Database design? Database design? database database

Database design?


There is an excellent study on that subject here, by Allen Browne.


In general, it is best to have a normalized database. If you have data duplication and the software one day doesn't quite work as it should, then you could end up with inconsistent data, which is no good to anyone.

For most purposes, calculations can be made efficient enough that you can do them on the raw data, as you suggest. If this does present a problem in scalability for your particular project, perhaps it would be best to have a table with the calculated values in. This would never be treated as original data, and could be recalculated at any point. Then your data is safe, and your calculations are fast.

The other alternative, depending on your DBMS, is to consider a view.


Generally speaking, you want more normalization to maintain data integrity, and this also tends to optimize for data updating (you don't need to update the same piece of information in more than one place).
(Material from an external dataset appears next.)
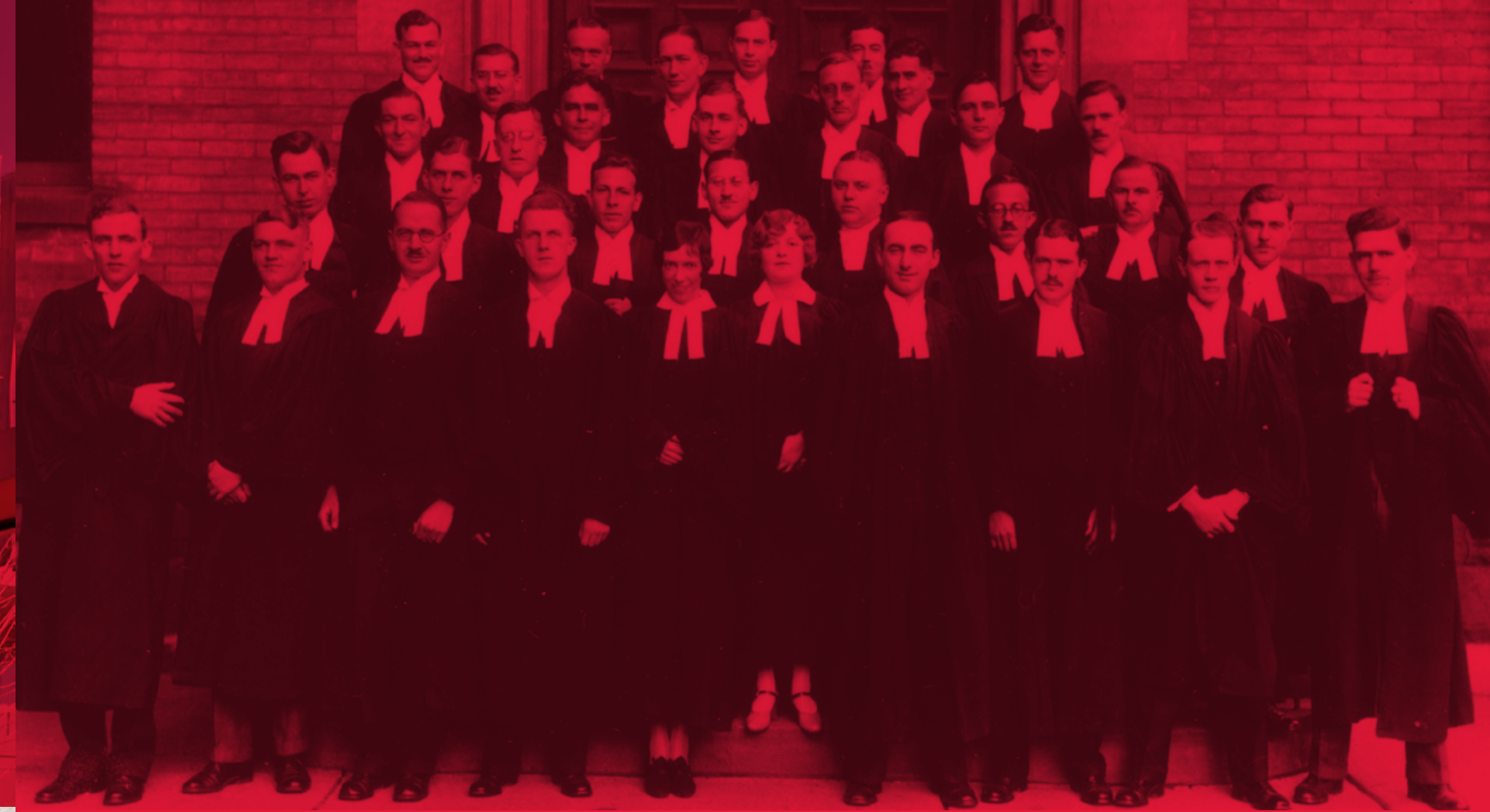
Class of 1929 Call to the Bar

We'd love to tell you more about Osgoode. To speak with current students and learn more about living and studying at Osgoode, contact recruitment@osgoode.yorku.ca . Or connect with us at one of our fall admission events which are posted on our website.

The only real exception to this is if your database is going to be primarily used for reporting, and only occasionally updating. Then, the cost of updating in several different places (because you are denormalized) is paid for by the fact that you don't have to fetch information from many different places when reporting.

If your database has to be fast for transactions (updating), and only occasionally report, then normalize as much as possible. It's also easier to keep all the data consistent this way. However, if you are only occasionally updating, and mostly reporting (i.e. reading, or just pulling data out of the database), then your boss might be right and it may be a better choice to denormalize. It's more complicated to handle error conditions and maintain data integrity, though (you have to do more thinking about what is a "logical transaction", and when to back out all of the updates made so far when something goes wrong).